Speaking specifically about the Cessna 172, A2A went the extra mile by studying and recording the actual aircraft tin various conditions ranging from preflight, start up, taxi, take off, cruise, decent, landing and shut down. In case it hasn’t clicked, that’s all the phases of flight. They studied how the plane actually reacts and handles in various circumstances, how the gauges and avionics work, look and sound, then studied the propeller function. As if that weren’t enough, they even took along high quality recording devices to capture the real seal sound for everything from switches & opening and closing doors, to engine sounds and a myriad of things that is too long to list. Fortunately, A2A has listed them for you on their product page, just in case you wanted to know.
At this point, I want to mention two features that are intertwined and that I find very cool: The virtual maintenance hangar and real time maintenance condition. When I say real time maintenance condition, I don’t mean condition while you’re flying. I mean if you fly it and leave it alone for a month or two, good luck starting it! If you fowl a plug, it will still be fowled when you come back it it. This is because A2A has designed a way for the aircraft to determine when the last time you flew was, then apply a set of parameters that closely mimic real world conditions. Thus, an added degree of realism that allows you to almost test own an airplane. Oil, fuel, lubricants, and engine conditions are all affected. It even keeps track of flight hours on various parts and will require you to have annual inspections performed!
The maintenance hangar is exactly what it sounds like; the place that you can see your current aircraft condition, make repairs, swap tires, add or remove features, such as flap seals and engine warmers, as well as track the status on your A&P’s clipboard and have him perform your annuals. Now that you have some background about the incredible amount of work that went into faithfully recreating this timeless aircraft, I thought that it was only fitting if I pulled out my checklist and operated under real world conditions for my first flight. Frankly, doing anything less would be a bit of an insult.
The first step in preparing to fly if a thorough walk around of the aircraft. This is your chance to assess the mechanical health and readiness of the craft that you are about to bet your life on, so it needs to be thorough. A2A has provided you a guided walkthrough of the pre-flight inspection, with helping prospective aviators learn where to look and what to look for.

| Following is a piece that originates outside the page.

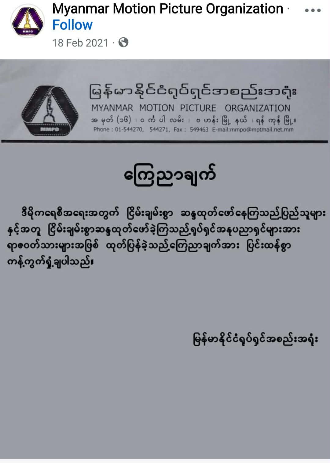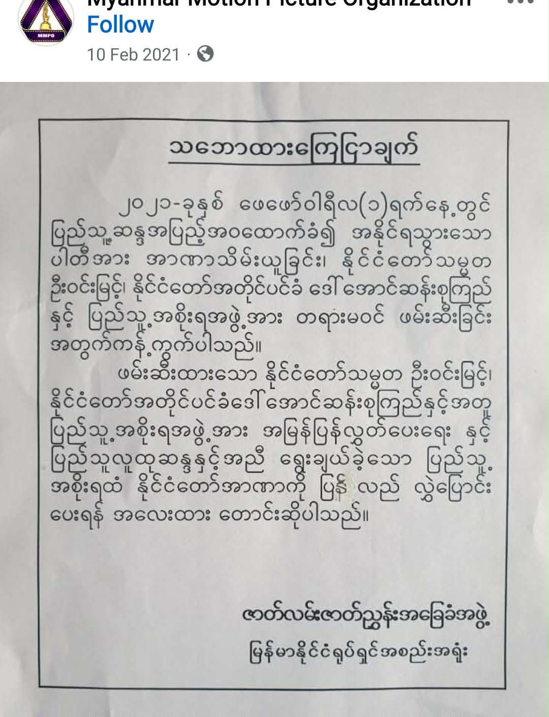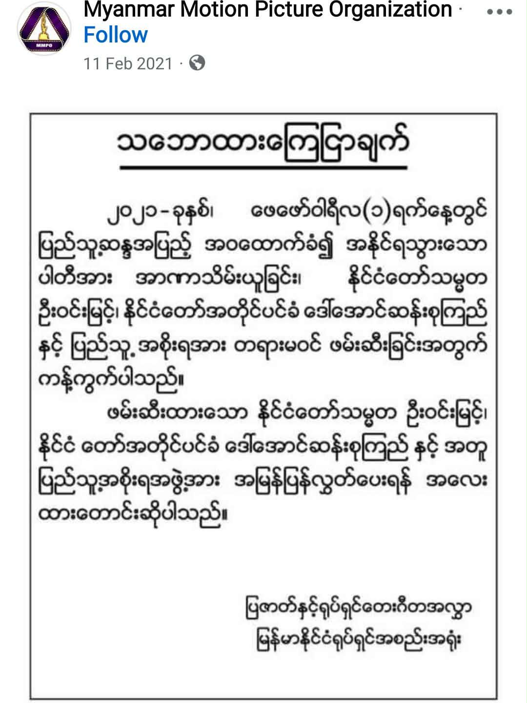” ရုပ်ရှင်အစည်းအရုံးက အခုလို သတင်းရယူခွင့် ပိတ်ပင်တာ၊အမည်ပျက်စာရင်း တင်သွင်းတယ်ဆိုတာဟာ လွန်ခဲ့တဲ့ ၂၅ နှစ်၊ နှစ် ၃၀ က Yellow Journalism သမားတွေက ငါနဲ့ မတည့်တဲ့သူ သတင်းမယူရဆိုတဲ့ ခေတ်ကို ပြန်သွားသလို ဖြစ်နေတယ်။ မသင့်လျာ်ပါဘူး။ အခု NP News က ကိုကျော်မျိုးမင်းပြောနေတဲ့အကြောင်းအရင်းတွေလည်း ရှိတယ်။ CDM ကို ၇ ရက် တောင့်ခံထားရင် ဖြစ်ပြီ။ ပြည်သူတွေက တစ်သက်လုံး ထမင်းတင်ကျွေးထားမယ်ဆိုပြီး အနုပညာရှင်၊မင်းသား၊ မင်းသမီးတွေ၊ ရုပ်ရှင်လောကလူတွေ အုံနဲ့ကျင်းနဲ့ အကြီးအကျယ် ဝါဒဖြန့်လှုံ့ဆော်ခဲ့ကြတယ်။ ဒီလိုလှုံ့ဆော်ခဲ့ကြတာတွေရဲ့ နောက်ဆက်တွဲမှာ လူပေါင်းများစွာ အသက်ဆုံးရှုံးခဲ့ရတာ။ ဘဝပေါင်းများစွာ ပျက်စီးခဲ့ရတာတွေလည်း ရှိတယ်။ အဲဒီလိုဖြစ်ခဲ့တဲ့ဟာ တွေအတွက် မကျေနပ်တာတွေကလည်း တစ်ဖက်မှာရှိတယ်။ ဘာပဲဖြစ်ဖြစ် ဒီလို လူတွေရဲ့ ဘဝပျက်စီးစေခဲ့သူတွေက နိုင်ငံတော်အဆင့် ပုဂ္ဂိုလ်တွေအဖြစ် ချီးမြှောက်ခံရ၊ တစ်ဖက်မှာ ဟိုလူတွေက ဘဝပျက် ပြီး စားစရာမဲ့သောက်စရာမဲ့ဘဝပျက်ကြရ။ မိသားစုတွေ ဆုံးရှုံးရ၊ ဒီလိုတွေ ရှိခဲ့တဲ့အခြေအနေမှာ ဒါတွေလုပ်ခဲ့ကြတဲ့သူတွေ က အထက်စီးဆန်မယ်။ အနိုင်ကျင့်မယ် ဆိုတာမျိုးတော့ မဖြစ်သင့်ပါဘူး။ နီပေါတွေများတဲ့ ဒီအဝန်းအဝိုင်းမှာ Hypocrite ကြောင်သူတော်ဝါဒ တွင်ကျယ်သလို ဖြစ်တယ်။ ဒါ့အပြင် အခုကိစ္စက ဥပဒေကျော်လွန်လုပ်လို့မရဘူး။ ဖွဲ့စည်းပုံအခြေခံဥပဒေအရ သတင်းမီဒီယာကောင်စီရှိတယ်။ သတင်းမီဒီယာ ဥပဒေလည်းရှိ ပြီးသား။ လွတ်လပ်စွာ သတင်းသိပိုင်ခွင့်နဲ့ သတင်းရယူခွင့်ကိုတားဆီးပိတ်ပင်လို့ မရဘူး။ ဒီလိုလုပ်တာဟာ ဥပဒေကို မလေးစားရာရောက်တယ်။ ဥပမာ သတင်းသမားရဲ့ အရေးအသား တင်ဆက်မှုအပေါ် မကျေနပ်ရင် တိုင်ကြားလို့ ရတယ်။ သတင်းမယူရဆိုပြီး ပိတ်ပင်ပိုင်ခွင့် တော့မရှိဘူး။ အခုလိုမျိုးရုပ်ရှင်အစည်းအရုံးရဲ့လုပ်ရပ်က ဥပဒေကို ကျော်လွန်နေတယ်။ အချက်အလက်အားဖြင့် သူ (ကိုကျော်မျိုးမင်း) ပြောတာမှာ ဘာမှားသလဲ၊ ရုပ်ရှင်အစည်းအရုံးက မှန်ရင် တရားဝင်ရှင်းလို့ရတယ်။ မမှန်ကန်ဘူးဆိုရင်လည်း ဥပဒေအတိုင်း သွားလို့ရတယ်။ ဒီလိုမဟုတ်ဘဲ သတင်းရယူခွင့် ပိတ်ပင်သလိုလုပ်တာတို့၊ အခုလိုအမည်ပျက်စာရင်းသွင်းတယ်ဆုတာမျိုးက မဖြစ်သင့်ဘူး။ အာဏာထိန်းပြီး ငါးနှစ်အတွင်းမှာ နိုင်ငံရေး၊ စီးပွားရေး၊ လူမှုရေးသတင်းအများအပြားက နိုင်ငံရေးအခြေအနေ၊ လုံခြုံရေး အခြေအနေကြောင့် ရေးသားလို့ ဖော်ပြလို့ မလွယ်ဘူး။ အဲဒီအချိန်မှာ Yellow Journalism သတင်းတွေကပဲ မင်းမူနေတယ်။ ဒီသတင်းတွေ ဒီလို ကဏ္ဍတွေမှာ ကြော်ငြာတွေက အကုန်ရောက်နေတယ်။ ဒါပေမယ့် အခုမကြာမီခေတ်က ပြောင်းလာတော့မယ်။ လွှတ်တော်ပေါ်လာတော့မယ်။သတင်းတွေက တခြားဘက်တွေမှာ အာရုံစိုက်စရာ ပိုများလာတ

I was taught to start at the cabin and work counter-clockwise around the airplane. A2A has it mapped to work clockwise. Either is fine as long as it gets done. I chose to stay with my training and worked my way down the fuselage, to the empennage where I checked the elevators, vertical stabilizer (tail), up the other side of the fuselage, flaps, ailerons, lights, then continuing to move around to check the engine oil, fuel level and quality, propeller, pitot tube, struts and tires. I realize that’s a lot of information, but if you follow the steps that A2A has built in, you can sump fuel and see the quality of your current fuel state, check the oil, shake flaps, check cable connections and even lock the cargo compartment door. All in all, it’s a fully immersive experience and a fantastic learning tool that I wished I would have had.
As I moved around the exterior, performing my pre-flight check, I took the opportunity to keep up on another part of the check, looking at the skin. In this case, I knew there were not going to be cracks or defects, but I instead used it as a chance to look at how well the exterior was both modeled and textured. I have to say, I was not surprised. True to A2A style, it’s magnificent. The shape, size, and functionality was flawless. It seems that even the rivets were modeled, and that comes through the texture. All in all, one of the most realistic aircraft I’ve seen for FSX. My compliments to the modeler and texture artist(s).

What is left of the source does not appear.